La recourante soutient pourtant que la CCVD a tardé à établir les décisions définitives de cotisations, dès lors que les données nécessaires à leur établissement lui ont été communiquées par l'autorité fiscale respectivement le 2 décembre 2009 pour l'année 2008, le 10 mars 2011 pour l'année 2009 et le 28 novembre 2011 pour l'année 2010. Or, il est sans pertinence que l'intimée puisse se voir reprocher un éventuel retard fautif dans la fixation des cotisations (cf. consid. 3c supra), puisque même s’il était avéré que ladite caisse avait tardé fautivement à fixer le solde des cotisations dû par la recourante, il n’y aurait pas là de motif de revoir la fixation des intérêts moratoires. Au demeurant, la recourante ne peut ignorer qu'elle pouvait devoir verser de tels intérêts si les acomptes de cotisations s'avéraient inférieurs d'au moins 25% aux cotisations effectivement dues, son attention ayant été expressément attirée à cet égard par la CCVD dans ses décisions des 7 avril 2008 et 31 août 2009. Dans ces circonstances, il n'y a pas lieu de retenir, contrairement à ce que soutient la recourante, que l'intimée aurait commis un abus de droit.

 

              b) Il résulte de ce qui précède que le recours, mal fondé, doit être rejeté, ce qui entraîne la confirmation de la décision attaquée.

 

5.              La procédure étant gratuite (art. 61 let. a LPGA), il n'y a pas lieu de percevoir de frais judiciaires.

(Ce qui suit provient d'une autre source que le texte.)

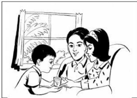
วัฒนธรรมครอบครัว
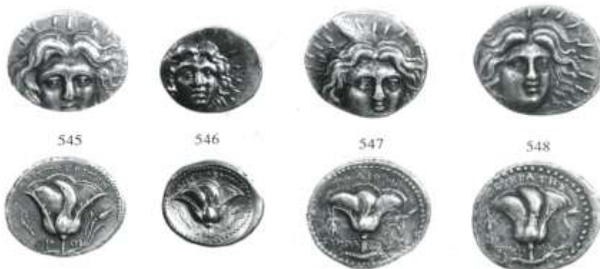
Εικ. 1: Ροδιακά ετράδραγμα (545, 547-548), δίδραγμα (546)
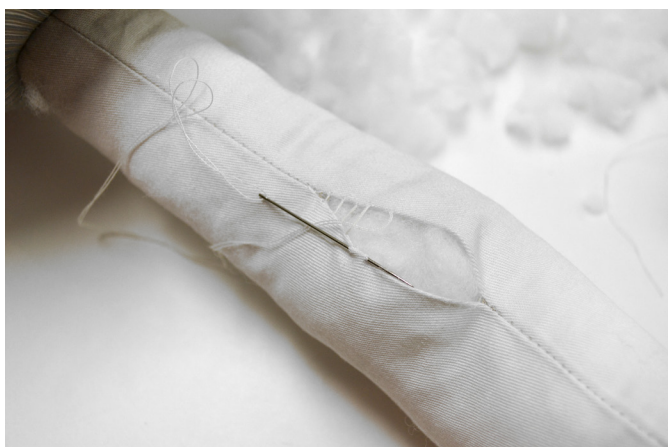
23/ Po naplnění zašijeme vynechaný otvor skrytým stehem.
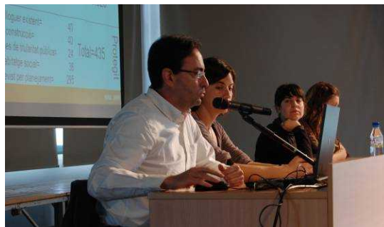
Presentació a càrrec de GMG
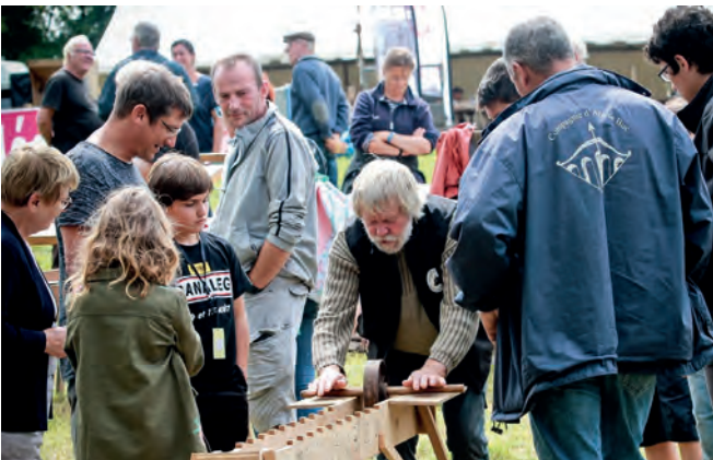
Fête folklorique et fête des vieux métiers le 15 août
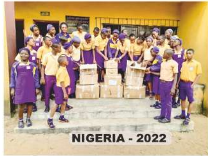
NIGERIA - 2022
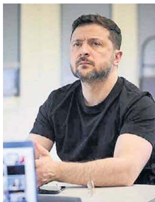
Słowa Zelenskigo wywołały wzbурzenie

Zapytany w tym samym wywiadzie telewizyjnym, czy
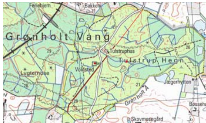
Fig. 4. Oplysninger fra 1776-kortet overført til 4cm kort. Tulstrups gamle afgrænsning er markeret med den gule punktlinie.

På to kort fra henholdsvis 1776 og 1784, hvor sidstnævnte baserer sig på opmålingerne fra 1776, findes dette dige imidlertid ikke. Derimod findes der et dige eller skel indtegnet noget længere mod vest (fig. 3). Ud for voldstedet løber diget 175 meter vest for dette. Det er dette dige, som var det gamle bebyggelsesskel mellem Tulstrup mod øst og Gamle Grønholt, som var en bebyggelse, som lå mod vest i vangen af samme navn.
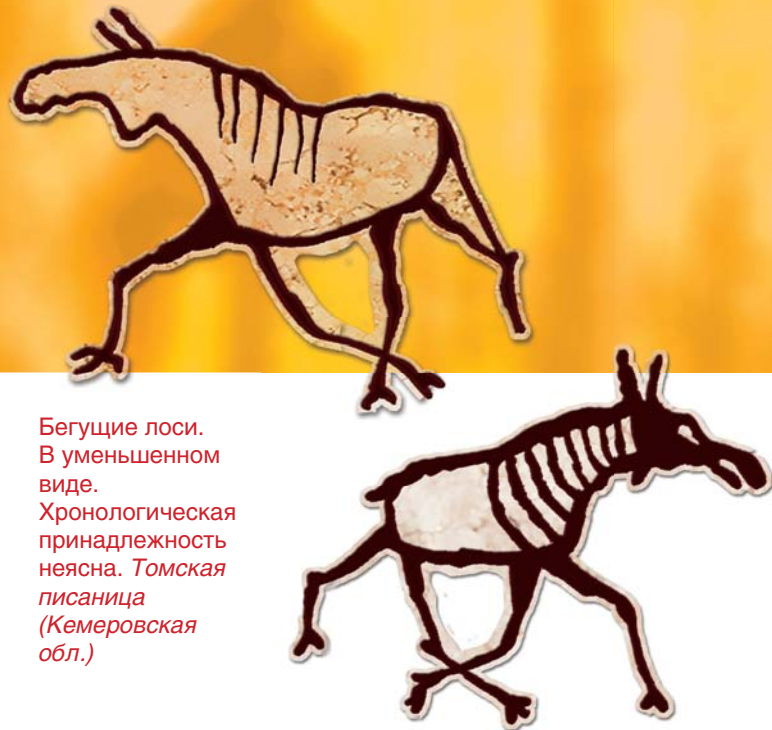
Бегущие лоси. В уменьшенном виде. Хронологическая принадлежность неясна. Томская писаница (Кемеровская обл.)
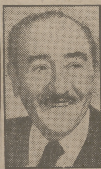
Adolphe Menjou siempre inicia la interpretación de sus roles cinematográficos con entusiasmo y alegría.

"No acostumbro aceptar todos los papeles que me ofrecen—se apresura a aclarar—, pero una vez que encuentro una parte adaptable a mis características, pongo todo mi empeño para representarla."
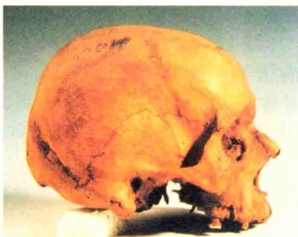
山普拉出土的男性头骨
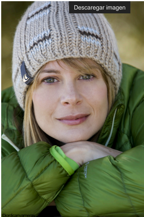
Sessió fotogràfica a l'Araceli Segarra.

Alpinista, il·lustradora, escriptora, conferenciant, comunicadora, model i fisioterapeuta són només algunes de les feines de l'Araceli Segarra, qui, a més, l'any 1996 es va coronar amb l'arribada al cim més alt del món.
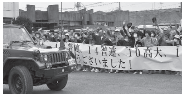
▲5月23日、感謝の気持ちいっぱいで見送ったお別れセレモニー。
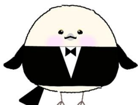
ハローワークプラザ札幌公式キャラクター プラえなが
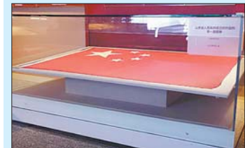
山东省人民政府成立时升起的第一面国旗(1949年10月)。
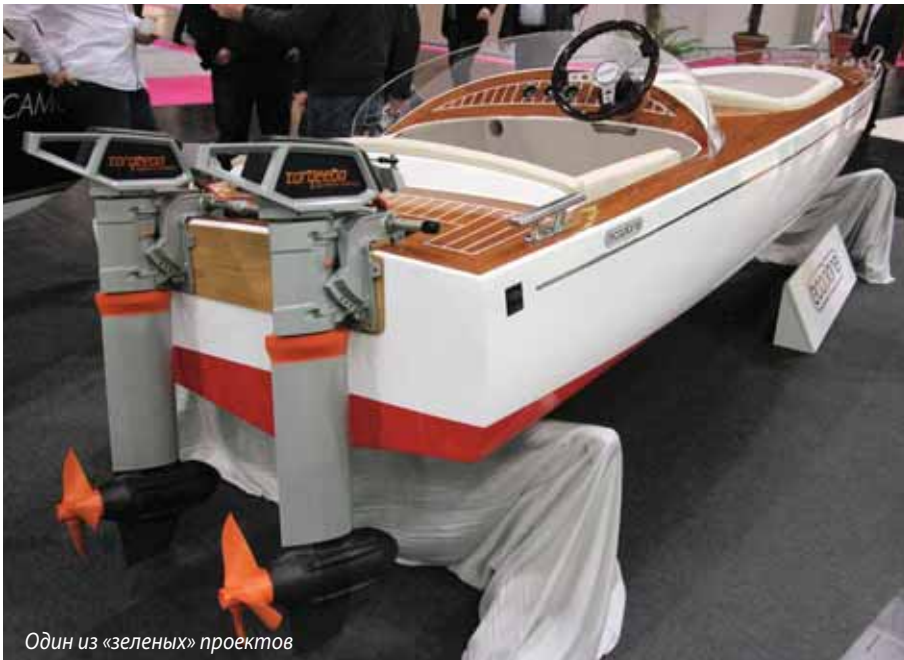
Один из «зеленых» проектов
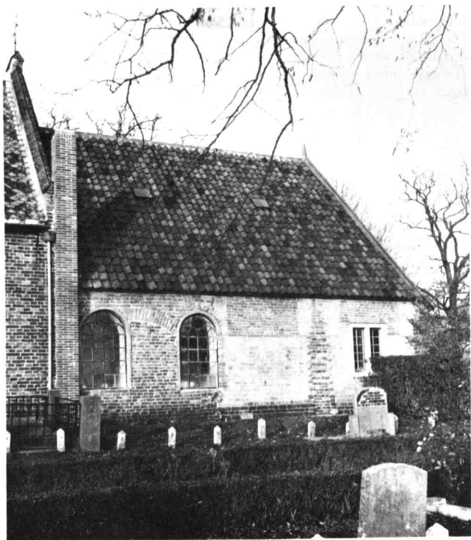
Het koor van de Hervormde kerk van Schalkwijk na de restauratie.
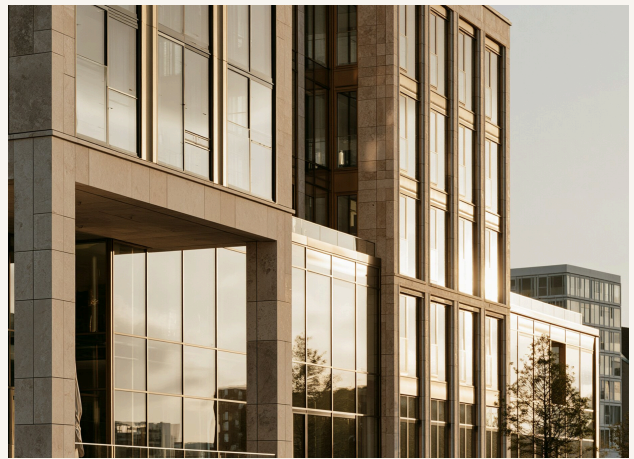
FIFTYNINE HAFENCITY · 2024
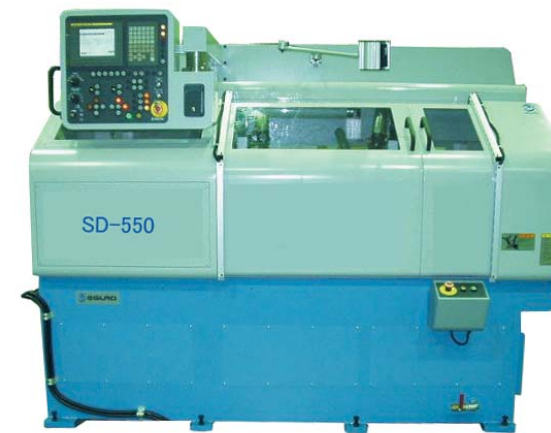
感光ドラム仕上加工専用機
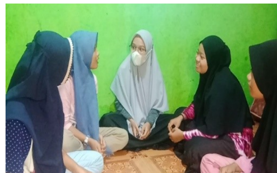
Gambar 2. Evaluasi Kegiatan

Tahap Evaluasi dan Terminasi yaitu tahapan pengidentifikasian atau pengukuran terhadap proses dan hasil kegiatan kelompok secara menyeluruh dan melihat berhasil atau tidaknya sebuah program berjalan. Serta tahapan terminasi yaitu pemutusan hubungan antara klien dan pendamping sesuai dengan hasil evaluasi.
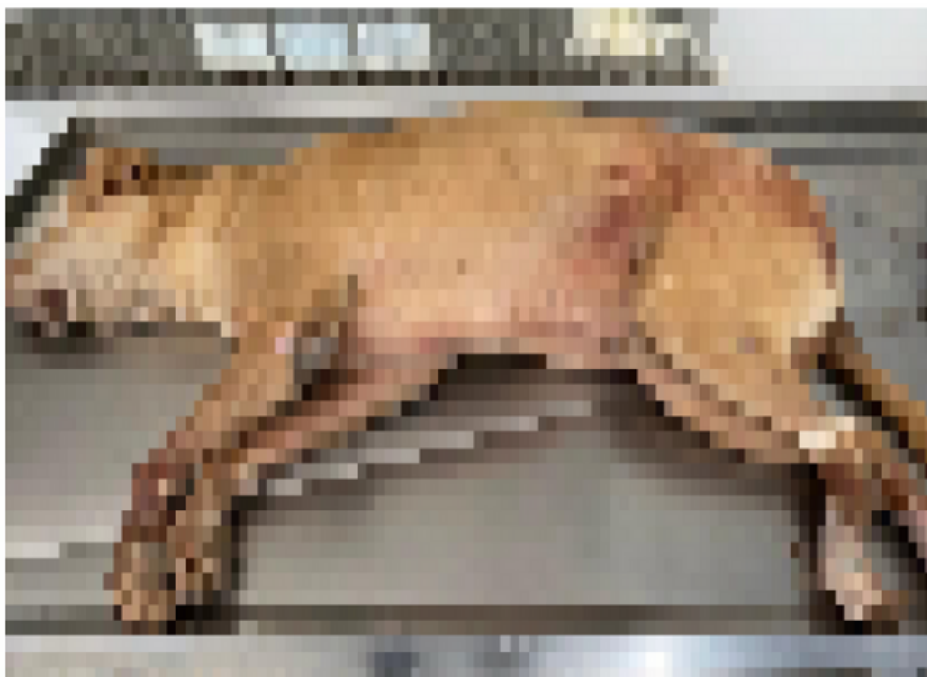
Foto 05 – Canino S/I com esparadrapo para acesso em membro posterior esquerdo
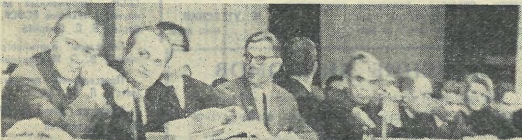
В президиуме торжественного собрания.

— С большим удовольствием и радостью выполняю я поручение студентов и профессорско-препо- давательского состава Корабле- строения института, — гово- рит он, — который направил ме- ня, чтобы поздравить ваш кол- лектив с высокой наградой и за- личить адрес.
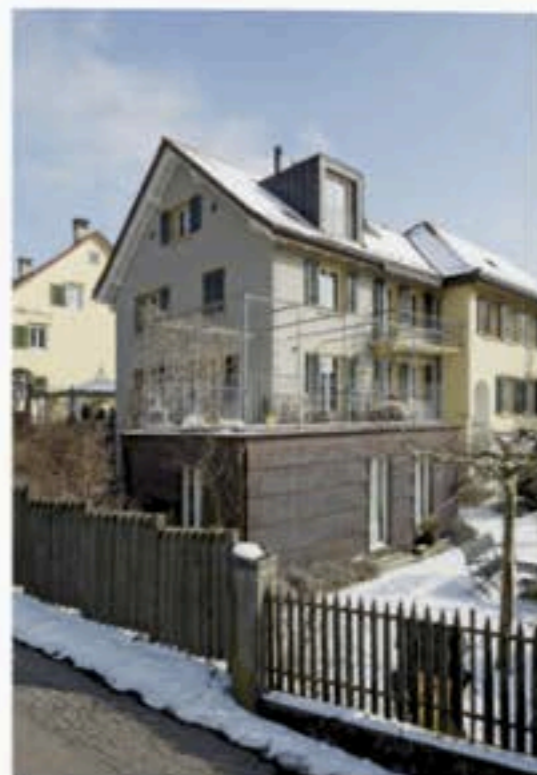
La façade sud-ouest.
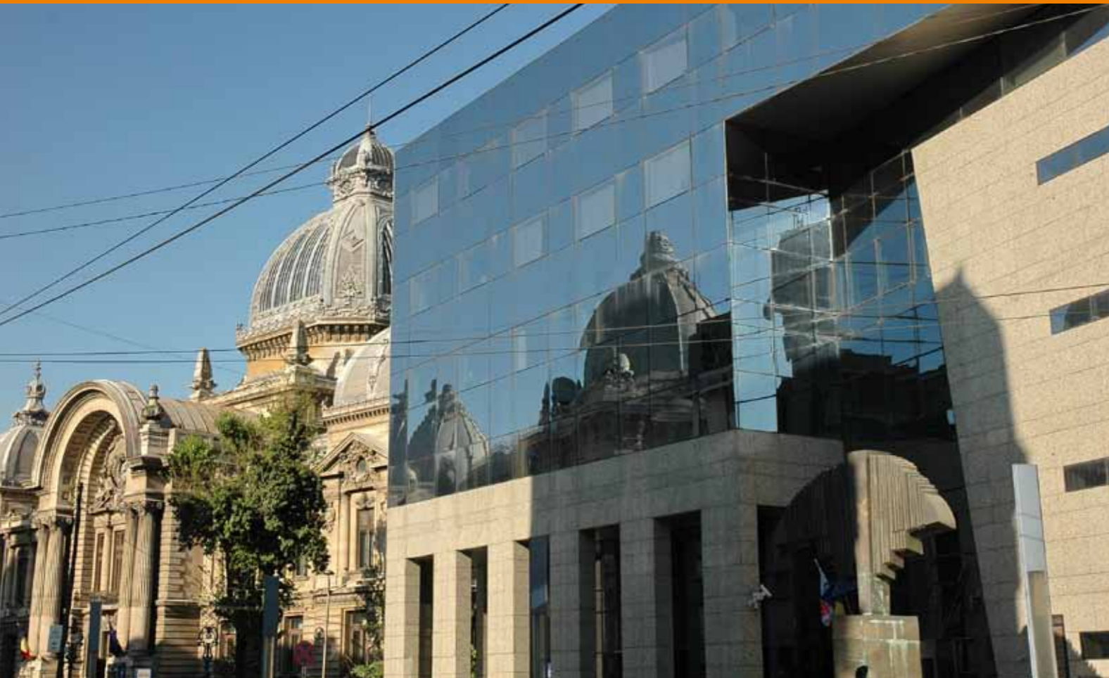
Altes und modernes Bukarest

Ein weiteres Erlebnis war die Einkehr in den Klöstern Dervent, Saon und Cocosi und die Fahrt nach Histria zu den Überresten einer alten griechischen Siedlung aus dem 7. Jahrhundert. Auch die Begegnung mit dem Imam in der türkischen Moschee in Babadag aus dem 14. Jahrhundert brachte Erkenntnisse im interreligiösen Dialog. Weitere beeindruckende Programmpunkte waren die Fahrt von Tulcea aus mit dem Schiff ins
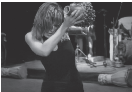
Figura 8. Fotograma del spot Habana Compás Dance (2016)
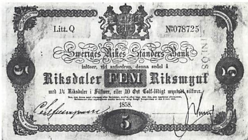
Ill. 1. Sedel å 5 riksdaler riksmünt med tidigare bottentryck

sedlar å 1 riksdaler riksmünt förfalskades till femriksdalersedlar. Detta problem dryftades av bankofullmäktige vid deras sammanträde den 22 september 1864. De konstaterade då, "att sedlar å 1 rdr med större lätthet kunde eftergöras till likhet med de sedlar å 5 rdr, hvilka äro
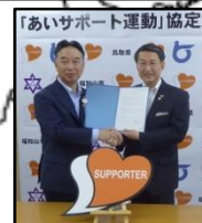
長岡京市(H30.5.13) 福知山市(H30.5.30) 京都府 1,923人
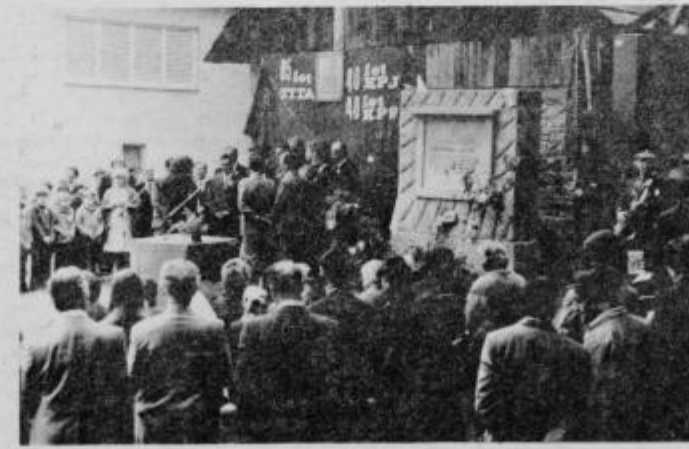
Spominsko obeležje pri Suparjevih, kjer je delovala Tehnika Lacko.
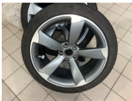
35. Ekstra hjulsett
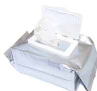
14 ウェットタオル × 2
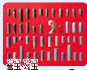
くわたま まがたま 管玉・勾玉

1976年~1989年に岡山大学の考古学研究室が発掘調査をしたよ。これらはその時に出土した遺物の写真だよ。
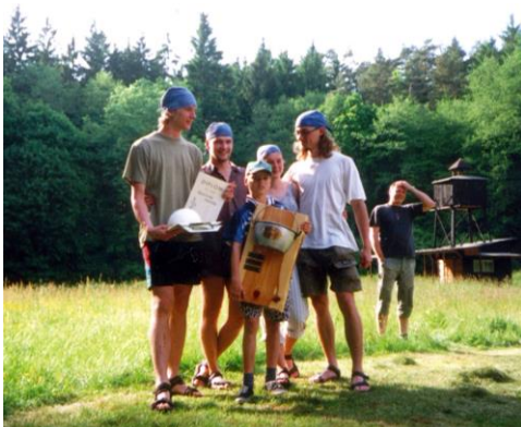
1. místo SPPolek Liberec
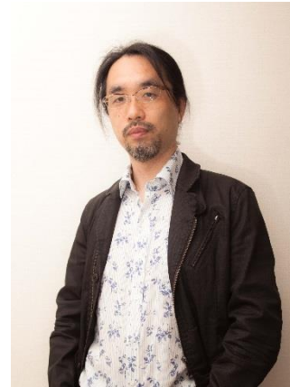
森脇 裕之 Hiroyuki Moriwaki ライト・アーティスト

日本国際美術展、宇部市現代彫刻展などに出品。66年ベネチア・ビエンナーレ展に出品、第9回高村光太郎賞を受賞。以後、第一回現代日本彫刻展神奈川県立美術館賞、第二回彫刻の森美術館賞、第4回倉文夫賞など次々に受賞。2000年には国際彫刻センター(ISC)優秀彫刻教育者賞をアジア人として初受賞。 http://www.morioshinoda.jp/
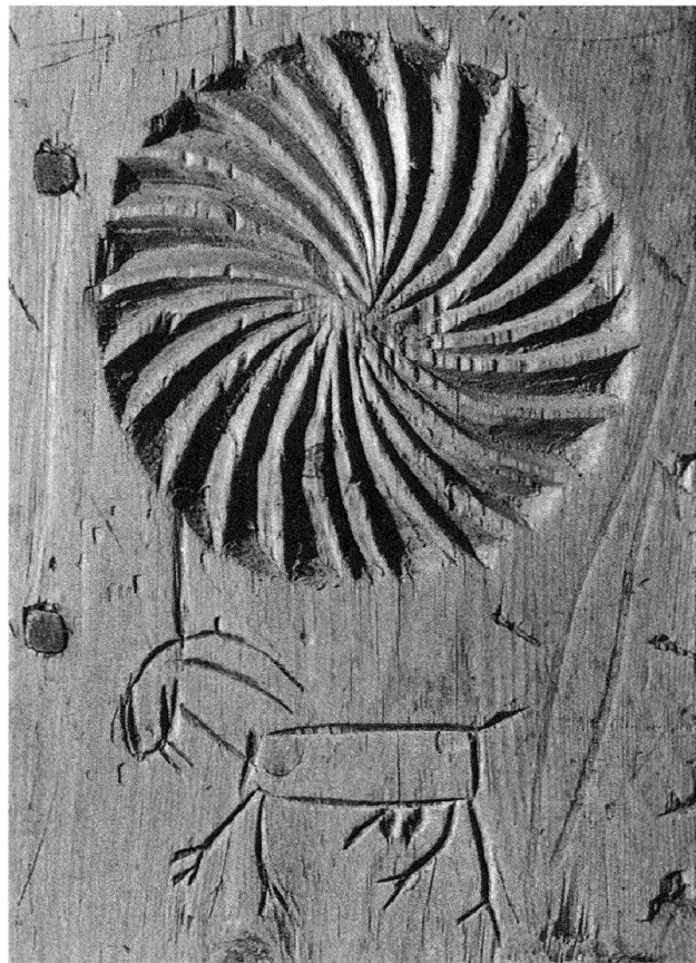
Abb. 4: Spätgotische Truhe aus dem Oberengadin: a) Unter den Kerbschnitzereien an der Front figuriert der Steinbock neben Rosetten und einem kleinen Jäger (Engadiner Museum, St. Moritz). b) Unterhalb einer grossen Rosette erscheint in improvisierter Schnitzerei der populäre Steinbock (Engadiner Museum, St. Moritz). Quellen: a) Handbuch der Bündner Geschichte , hg. vom Verein für Bündner Kulturforschung, Chur 2000; b) J. U. Könz, Das Engadiner Haus (Schweizer Heimatbücher 47/48), Bern 1952.
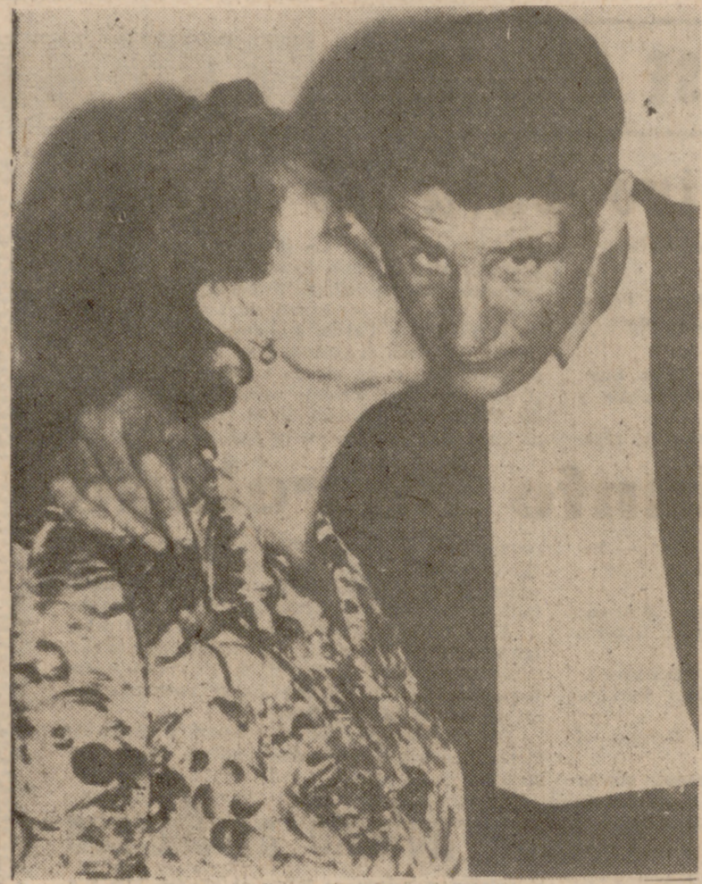
FOLLEDO CON SU MADRE

—No, no estuve mucho tiempo en la escuela, porque desde muy
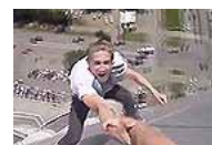
俄两男子楼顶危险表演
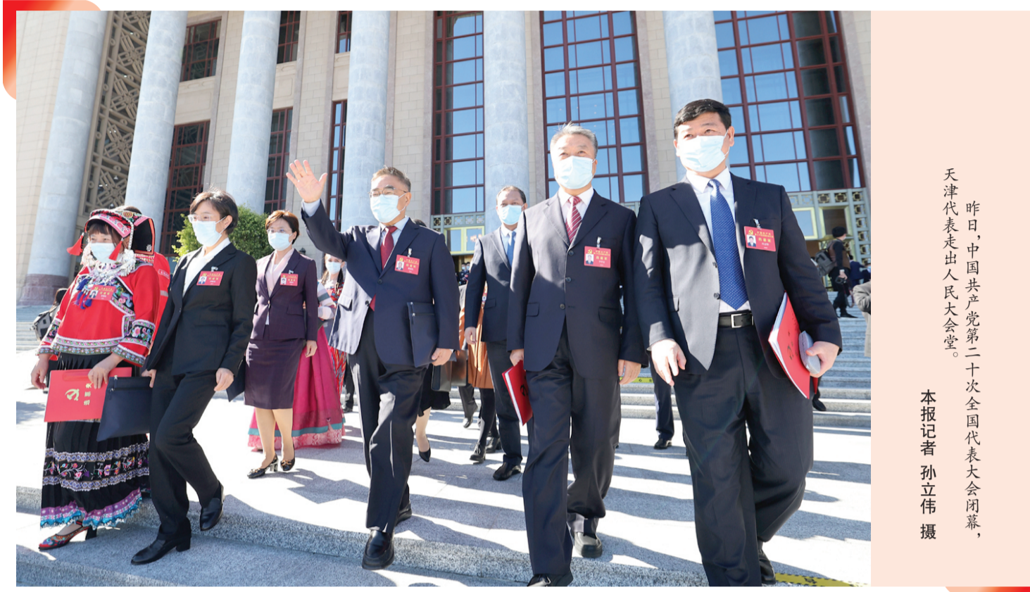
昨日,中国共产党第二十次全国代表大会闭幕,天津代表走出人民大会堂。

Au vu de l'issue du litige, il n'y a pas lieu d'allouer de dépens dès lors que la recourante, qui a au demeurant procédé sans l'assistance d'un mandataire professionnel, n'obtient pas gain de cause (art. 61 let. g LPGA).

 

 

Par ces motifs,

la juge unique

prononce :

 

              I.              Le recours est rejeté.

 

              II.              La décision sur opposition rendue le 14 novembre 2012 par la Caisse cantonale vaudoise de compensation AVS est confirmée.

 

              III.              Il n'est pas perçu de frais judiciaires ni alloué de dépens.

 

La juge unique :               Le greffier :

 

 

Du

 

              L'arrêt qui précède, dont la rédaction a été approuvée à huis clos, est notifié à :

 

‑              D.________

‑              Caisse cantonale vaudoise de compensation AVS

-              Office fédéral des assurances sociales

 

par l'envoi de photocopies.

 

 

              Le présent arrêt peut faire l'objet d'un recours en matière de droit public devant le Tribunal fédéral au sens des art. 82 ss LTF (loi du 17 juin 2005 sur le Tribunal fédéral ; RS 173.110), cas échéant d'un recours constitutionnel subsidiaire au sens des art. 113 ss LTF. Ces recours doivent être déposés devant le Tribunal fédéral (Schweizerhofquai 6, 6004 Lucerne) dans les trente jours qui suivent la présente notification (art. 100 al. 1 LTF).